- Udaipura Location in Madhya Pradesh, India Udaipura Udaipura (India)
- Coordinates: 23°05′N 78°30′E﻿ / ﻿23.08°N 78.5°E
- Country: India
- State: Madhya Pradesh
- District: Raisen
- Elevation: 321 m (1,053 ft)

Population (2011)
- • Total: 67,000

Languages
- • Official: Hindi
- Time zone: UTC+5:30 (IST)
- PIN: 464770

= Udaipura =

Udaipura is a town and a nagar panchayat in Raisen district in the Indian state of Madhya Pradesh.
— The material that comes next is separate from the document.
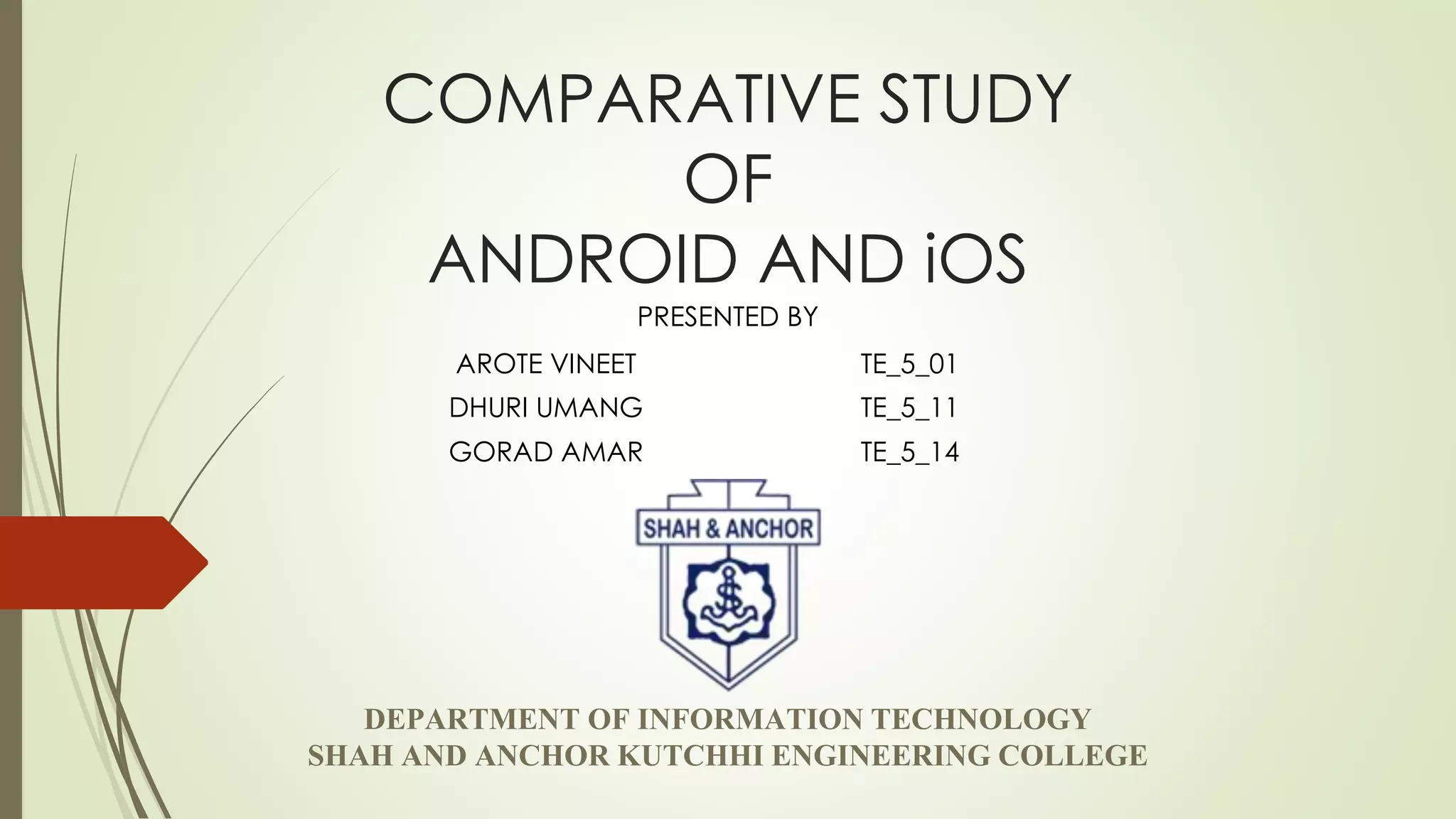 This document compares and contrasts the Android and iOS operating systems for smartphones. It provides an introduction to smartphones and the logos of Android and iOS. It then details the history and evolution of both Android and iOS. The main features, file management, process management, and memory management of each operating system are described.

Udaipura has an average elevation of 321 metres (1,053 feet).

==Demographics==
As of 2001 India census, Udaipura had a population of 13,790. Males constitute 54% of the population and females 46%. Udaipura has an average literacy rate of 65%, higher than the national average of 59.5%: male literacy is 72%, and female literacy is 57%. In Udaipura, 15% of the population is under 6 years of age.

==Government ==
Udaipura is part of the Udaipura Assembly. Narendra Patel is MLA from here.
It's part of hoshangabad lok sabha.

== Places of interest ==
1. Boras Narmada's Ghat
2. Shahid Smarak
3. Walled Enclave at Deori

==Transportation==
Udaipura is well connected with roads. Daily bus service runs from Udaipura. Udaipura is connected with Sagar, Bhopal, Jabalpur, Raisen, Gadarwara, Silwani, Bareli, and many cities.